If you’re getting a conventional loan, for example, some of the main requirements include:

  • A 620 credit score or higher.
  • A 3% down payment or higher.
  • A 45% debt-to-income ratio or lower.
  • Proof of steady employment and income for the last two years.
  • Private mortgage insurance for a down payment less than 20%.

But one major difference between large and small mortgage loans is the amount of money you’d be expected to bring to closing.

“Obviously, if you’re borrowing a smaller amount, your down payment is (lower) because your purchase price or your loan amount is (lower),” Leyrer said.

Tips on how to find a small mortgage loan

It can be difficult to find and qualify for a small mortgage loan for a few reasons. For one, buyers financing a home purchase may face competition from real estate investors who can offer all cash to a seller and get to the closing table quicker, according to the Urban Institute.

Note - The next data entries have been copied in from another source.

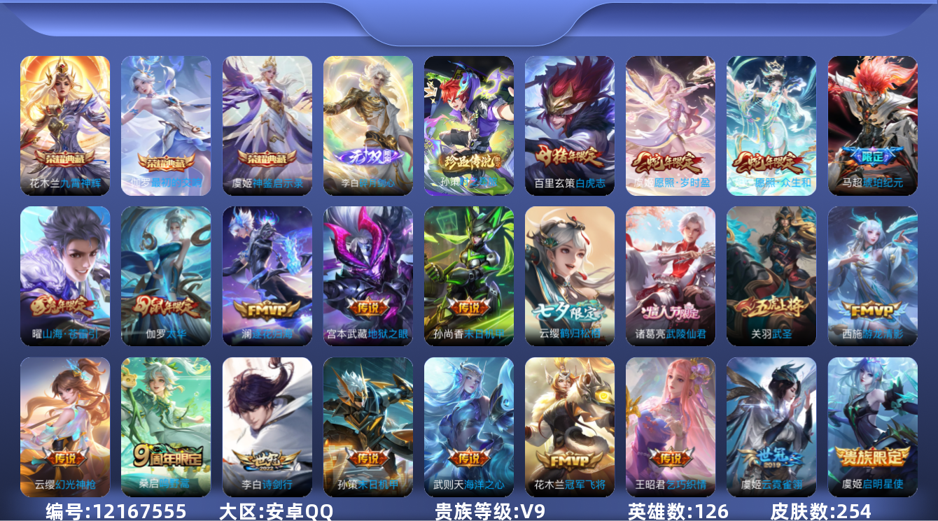 [12167555]V9 3典藏 1无双 1珍品传说 22传说 126英雄 254皮肤 典藏英雄武则天 女号 可修改实名 优质装备:九霄神辉(木兰典藏),碎月剑心(李白无双),神鉴启示录,最初的交响(伽罗典藏),冠军飞将,云霓雀翎,末日机甲-孙尚香(绿蚂蚱),海洋之心,地狱之眼,乞巧织情,游龙清影(小青龙),末日机甲-孙策,山海·苍雷引(电光曜子),鹤归松栖(云缨),澜逐花归海,琥珀纪元马超 珍品传说:时之奇旅-孙策 传说皮:幻光神枪 珍宝阁皮:妄想食味,女武神 限定皮:愿照·岁时盈(虞姬年限),愿照·众生和(妲己年限),鸣野蒿,白虎志(电光耗子),太华(伽罗年限),武陵仙君(小桃花),高山流水,诗剑行,五谷丰年,武圣,梁祝,烈魂,天狼溯光者,逐梦之光,朱雀志(守约年限),一生所爱,大圣娶亲,青春决赛季,蜜橘之夏,山海·玄木吟(马可年限) 史诗皮:狼魂孤将,星界战将,茶境仙,百相守梦-百里守约,遇见神鹿,紫霞仙子,苍穹之光,电玩小子(小书包),特工魅影,千年之狐,永昼,冰冠公主,浮梦罗烟,江河有灵,百解令(蒙犽),高渐离燃音魔法,蒙恬荣光圣徽,电玩·爆裂旋风,偶像歌手,银翎春语,龙骑士(小龙虾),暗夜猫娘,末日机甲-吕布,节奏热浪,女仆咖啡,水果甜心,天才门将,星夜王子,心灵骇客,功夫厨神,德古拉伯爵,暗隐猎兽者,幽灵船长,鬼剑武藏,心灵战警,纤云弄巧,拒霜思,缤纷独角兽,逐浪之夏,水晶猎龙者,曙光守护者,箭羽风息,金属风暴,鹰眼统帅,暗夜贵公子,魅力维加斯,黎明之约,滕王阁序,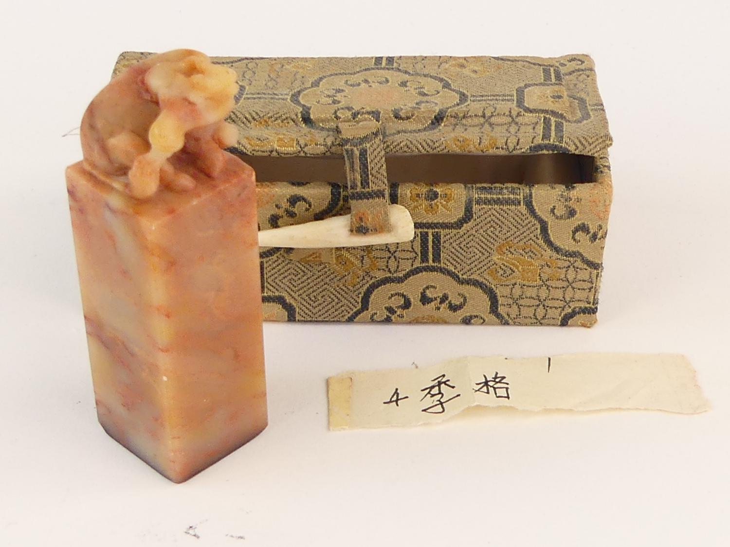cased chinese carved hardstone seal, ht. 2 3/4"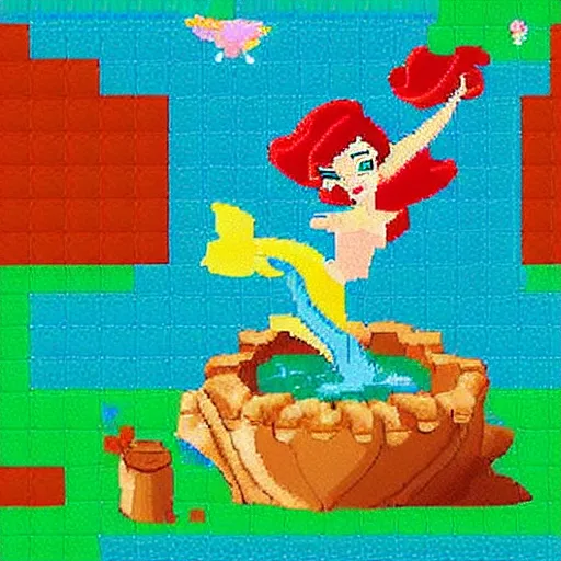 Disney's Ariel as an playstation 1 pixel art Game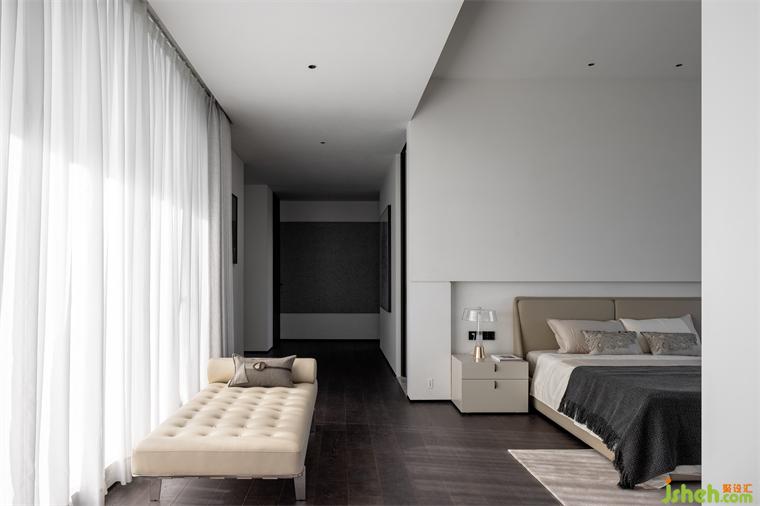 空間的存在靜雅。盡管空間本身體現(xiàn)了設(shè)計(jì)的介入,但和諧與謙遜也是空間中該有的樣子,其表現(xiàn)是克制的。與此同時(shí),這種克制表現(xiàn)在設(shè)計(jì)師的行為本身,極簡豪宅設(shè)計(jì)即給予家的主人更多自己的空間。這是一種非完整的完整狀態(tài),也是有延續(xù)性的趣味。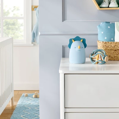 Light up your kid’s bedroom in adorable style with this Nightlight from Cloud Island™. This nightlight pack includes batteries, gift box and nightlight. The blue dino nightlight is designed with eyes, nose, horn and crest for a fun look. It features an adjustable design with a sleep timer and a base slide on/off switch for easy operation. Best of all, this LED nightlight has two-way light setting to help customize the level of light to their liking.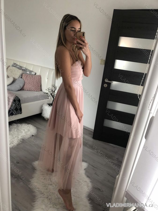 Šaty dlhé carmen tilové elegantné bez rukávov dámske (S/M ONE SIZE) TALIANSKA MÓDA IMM22Q52299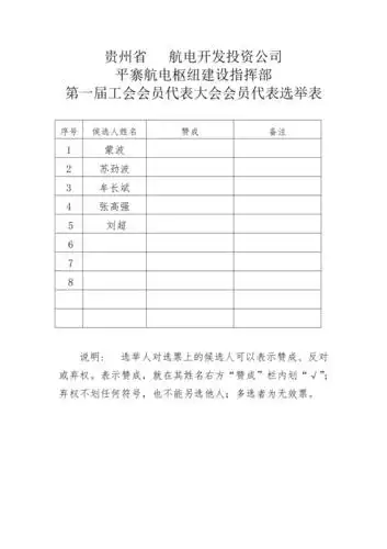 工会会员代表选举表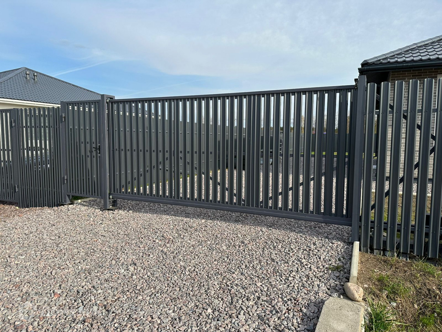 Забор с откатными воротами. Стоянка на 3 машины.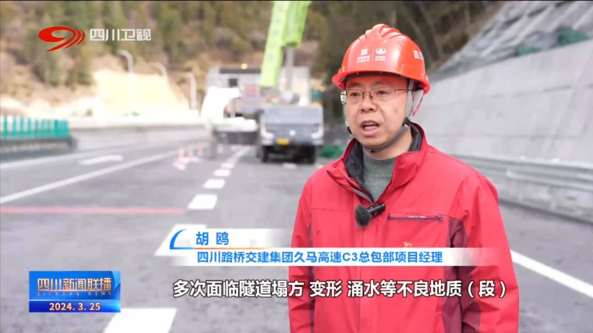 四川路桥交建集团久马高速C3总包部项目经理 胡鸥:多次面临隧道塌方、变形、涌水等不良地质段,我们提升隧道施工机械化程度,提升工序的质量和效率,安全顺利保障通车目标的实现。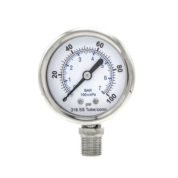 Gauge,2",0/100psi,1/4"LM,SS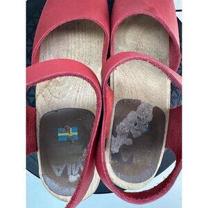 Mia Anja Swedish Leather Peep Toe Clog Sandals Red Sz. 37 (6.5)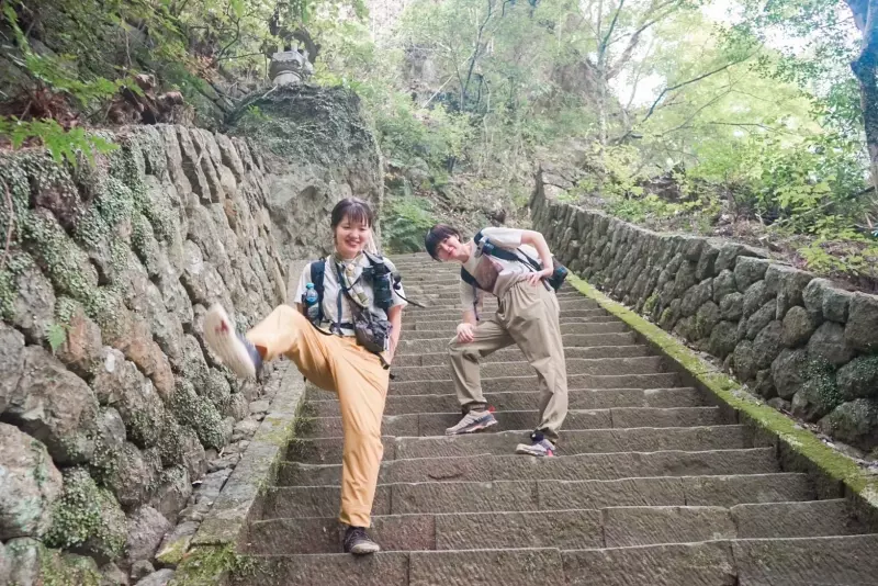 階段1400段を登ったところで、展望台があった。ありちゃんが「あれが千寿峰でね〜!」と解説してくれるから、へぇ〜!詳しいね!と振り向いたら、思いっきり地図を見ながら解説していて笑った。休憩のタイミングでリョータくんがトイレ行く、って言った時、ありちゃんが「リョータくんトイレ大好きだから」と言ったらジュンが「わかる〜。私もトイレ大好き」と言っていて、ここ最近聞いた共感の中で一番意味わかんなくて笑った。

Another reason: Lenders usually receive a lower return on investment from smaller loans.

“Lenders and loan officers get paid (and) how they’re paid is via interest payments,” Becker said. “So if you have a smaller loan amount, there’s going to be less interest. It takes as much work to close a $100,000 loan as it does a $400,000 loan, and to service it.”

Here are some tips to help you find small home loan lenders:

  • Research local mortgage lenders. Seek out community banks, credit unions and private lenders by asking for recommendations from family members, friends or colleagues. Don’t forget to check lender reviews to ensure the lender you choose is in good standing and doesn’t have a history of complaints.
  • Compare multiple quotes. Compare the mortgage offers of at least three to five lenders, including the loan terms, interest rates and estimated fees. Ask questions to get a feel for each lender.
  • Find a real estate agent. Talk to a few real estate agents before committing to working with anyone, but focus on finding an agent experienced with lower-priced homes who can help you narrow down your search to the right areas.

Pros and cons of small mortgage loans

Keep the following benefits and drawbacks in mind if you’re considering a small mortgage loan to buy a less-expensive home.


  • Your down payment is lower. Getting a small mortgage loan means you’ll pay a lower minimum down payment. For example, if you buy a $90,000 home and qualify for a conventional mortgage, 3% down would be $2,700. By contrast, 3% down on a $200,000 home is $6,000.
  • Your monthly payments are lower. You’ll borrow less with a small mortgage loan. That means your monthly mortgage payments will also be lower.
  • You can pay off your mortgage faster. If you have some extra disposable income to dedicate to your payments each month, you can pay off your mortgage faster than your repayment term calls for.


  • Your closing costs may be higher than expected. Your closing costs may be higher, as a percentage of your loan amount, because lenders have a minimum fee they charge no matter the size of the loan.
  • You’ll have fewer for-sale homes to choose from. As previously mentioned, lower-priced homes are harder to find, especially when you’re competing with real estate investors who can afford to offer cash up front.
  • You may have a higher mortgage rate. Because lenders won’t make as much money on a small mortgage loan, they typically charge a higher mortgage rate to compensate for the limited profit.